Sum of stability scores as a measure of cluster quality?

I am working with dataset from a domain of which I'm not an expert. This means that I have neither labels nor ground truth clustering available to me. I am trying to figure out a good way in which I could assess the quality of clusters which I obtain upon varying the minimum number of samples and minimum cluster size.

Clustering metrics which I am aware of either assume that points in clusters are normally distributed, e.g. Silhouette Score and F-Score, or rely on a reference/ground truth labeling, e.g. adjusted mutual information and completeness scores.

I wonder if one could define a quality metric using stability scores of the flattened clusters (which I believe are available from cluster_persistence_ field).
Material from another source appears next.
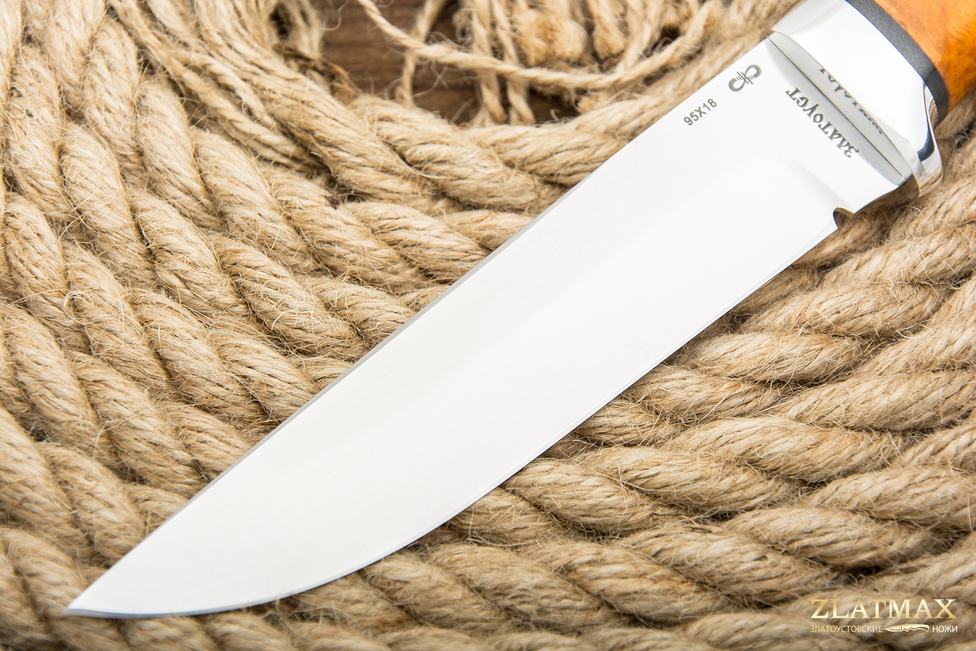 95Х18 - это без преувеличения лучшая сталь российского производства, а потому она пользуется огромной популярностью у отечественных и зарубежных компаний. При правильном изготовлении металл получает отличную твердость, гибкость и прочность. Ножи из этого материала служат, как правило, не один год. И при этом могут выглядеть так, как будто были сделаны только вчера. Но надо только стараться избегать попадания на лезвие соли и долгое воздействие влаги. Единственный минус – клинок из такой стали очень сложно заточить. Придется потратить много сил или даже воспользоваться специальными устройствами. Но зато хорошую заточку ножи держат достаточно долго.

If my understanding is correct, these scores are already "normalised" for the sizes of different clusters in the sense that they are computed by adding relative excess of mass over all points assigned to these clusters. Therefore, a straightforward sum of all stability scores seems like a reasonable definition of such a metric. The higher the sum, the better the clustering; and one can search in the hyper-parameter space to find a maximal value.

It would be great to hear your thoughts on this. For HDBSCAN in particular, shouldn't this or something else based on cluster stability be a more suitable (and easier to explain and more efficiently computable) metric than DBCV?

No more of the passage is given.